#!/usr/bin/env python
# coding: utf-8

# <div align="right">Peter Norvig</div>
# 
# # A Chaos Game with Triangles
# 
# John D. Cook [proposed](https://www.johndcook.com/blog/2017/07/08/the-chaos-game-and-the-sierpinski-triangle/) an interesting "game" from the book *[Chaos and Fractals](https://smile.amazon.com/Chaos-Fractals-New-Frontiers-Science/dp/0387202293)*: start at a vertex of an equilateral triangle. Then move to a new point halfway between the current point and one of the three vertexes of the triangle, chosen at random. Repeat to create *N* points, and plot them. What do you get? 
# 
# I'll refactor Cook's code a bit and then we'll see:

# In[1]:


import matplotlib.pyplot as plt
import random

def random_walk(vertexes, N):
    "Walk halfway from current point towards a random vertex; repeat for N points."
    points = [random.choice(vertexes)]
    for _ in range(N-1):
        points.append(midpoint(points[-1], random.choice(vertexes)))
    return points

def show_walk(vertexes, N=5000):
    "Walk halfway towards a random vertex for N points; show reults."
    Xs, Ys = transpose(random_walk(vertexes, N))
    Xv, Yv = transpose(vertexes)
    plt.plot(Xs, Ys, 'r.')
    plt.plot(Xv, Yv, 'bs', clip_on=False)
    plt.gca().set_aspect('equal')
    plt.gcf().set_size_inches(9, 9)
    plt.axis('off')
    plt.show()
    
def midpoint(p, q): return ((p[0] + q[0])/2, (p[1] + q[1])/2)

def transpose(matrix): return zip(*matrix)

triangle = ((0, 0), (0.5, (3**0.5)/2), (1, 0))


# In[2]:


show_walk(triangle, 20)


# OK, the first 20 points don't tell me much. What if I try 20,000 points?

# In[3]:


show_walk(triangle, 20000)


# Wow! The [Sierpinski Triangle](https://en.wikipedia.org/wiki/Sierpinski_triangle)! 
# What happens if we start with a different set of vertexes, like a square?

# In[4]:


square = ((0, 0), (0, 1), (1, 0), (1, 1))

show_walk(square)


# There doesn't seem to be any structure there. Let's try again to make sure:

# In[5]:


show_walk(square, 20000)


# I'm still not seeing anything but random points. How about a right triangle?

# In[6]:


right_triangle = ((0, 0), (0, 1), (1, 0))

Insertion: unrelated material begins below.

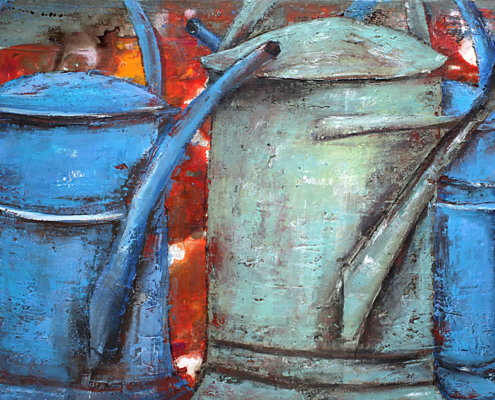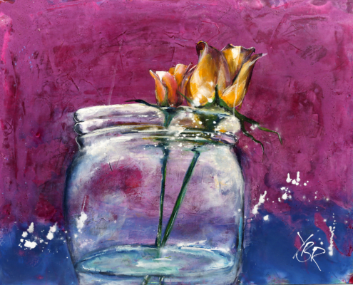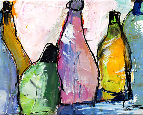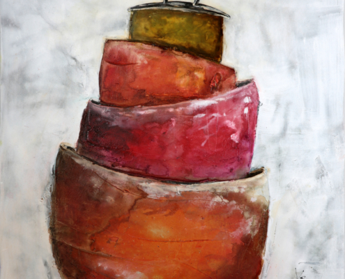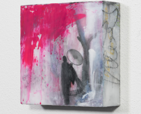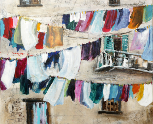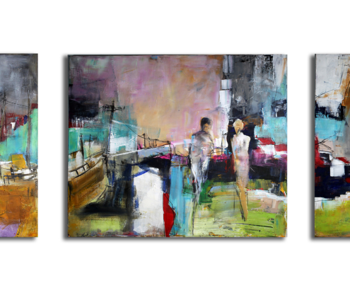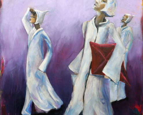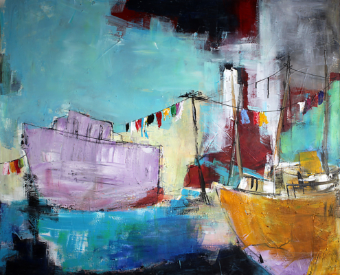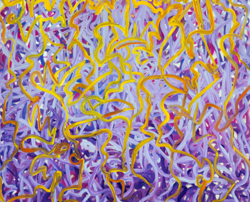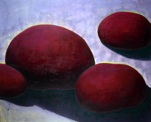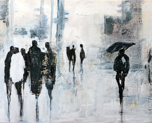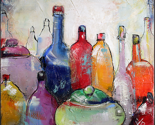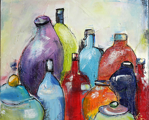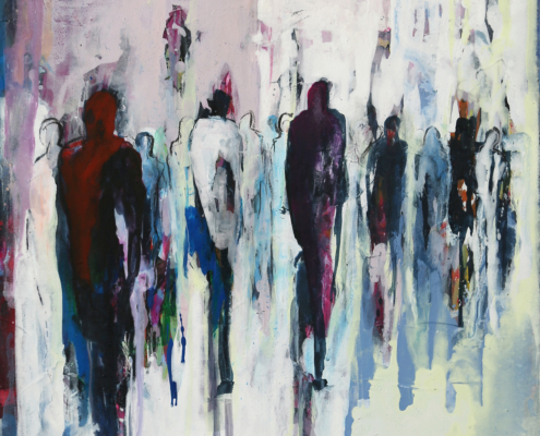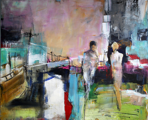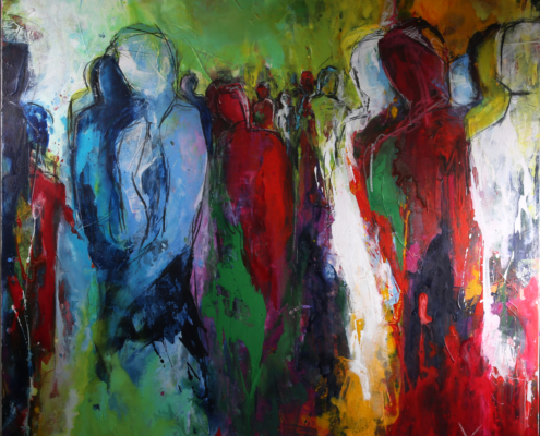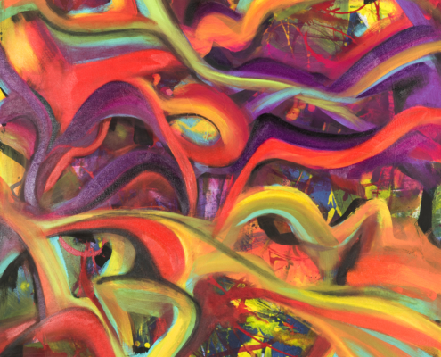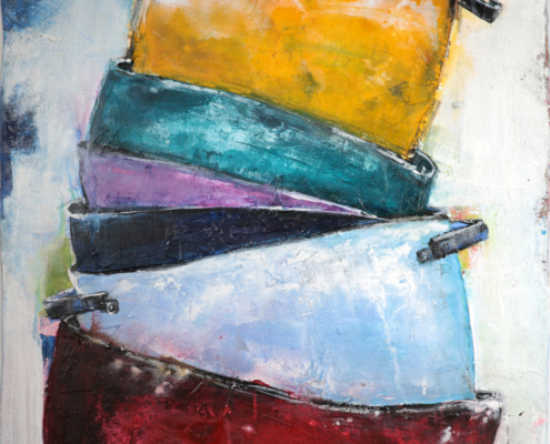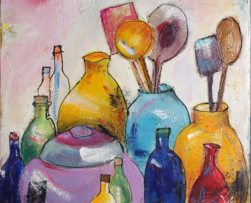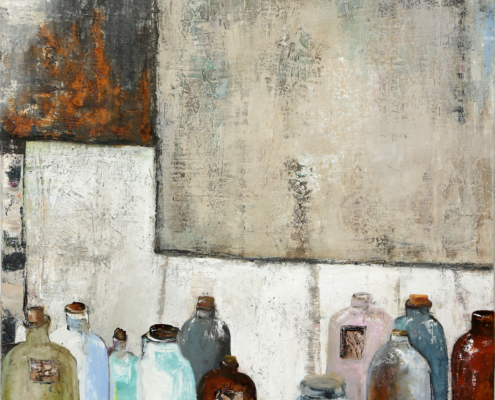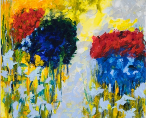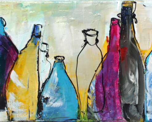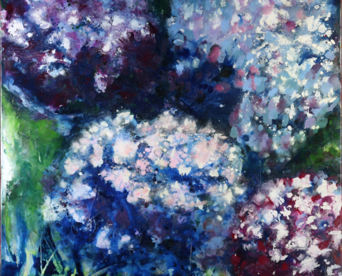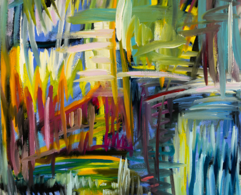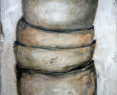 Ich liebe abstrakte Formen, in denen z.B. überraschend reale Vögel und/oder andere Tiere/Pflanzen auftauchen. Dadurch entsteht eine Anmutung zwischen rauh und zart, eine sichtbar werdende Beziehung… “

show_walk(right_triangle, 20000)


# We get a squished Serpinski triangle. How about a pentagon? (I'm lazy so I had Wolfram Alpha [compute the vertexes](https://www.wolframalpha.com/input/?i=vertexes+of+regular+pentagon).)

# In[7]:


pentagon = ((0.5, -0.688), (0.809, 0.262), (0., 0.850), (-0.809, 0.262), (-0.5, -0.688))

show_walk(pentagon)


# To clarify, let's try again with different numbers of points:

# In[8]:


show_walk(pentagon, 10000)


# In[9]:


show_walk(pentagon, 20000)


# I definitely see a central hole, and five secondary holes surrounding that, and then, maybe 15 holes surrounding those? Or maybe not 15; hard to tell. Is a "Sierpinski Pentagon" a thing? I hadn't heard of it but a [quick search](https://www.google.com/search?q=sierpinski+pentagon) reveals that yes indeed, it is [a thing](http://ecademy.agnesscott.edu/~lriddle/ifs/pentagon/sierngon.htm), and it does have 15 holes surrounding the 5 holes. Let's try the hexagon:

# In[10]:


hexagon = ((0.5, -0.866), (1, 0), (0.5, 0.866), (-0.5, 0.866), (-1, 0), (-0.5, -0.866))

show_walk(hexagon)


# In[11]:


show_walk(hexagon, 20000)


# You can see a little of the six-fold symmetry, but it is not as clear as the triangle and pentagon.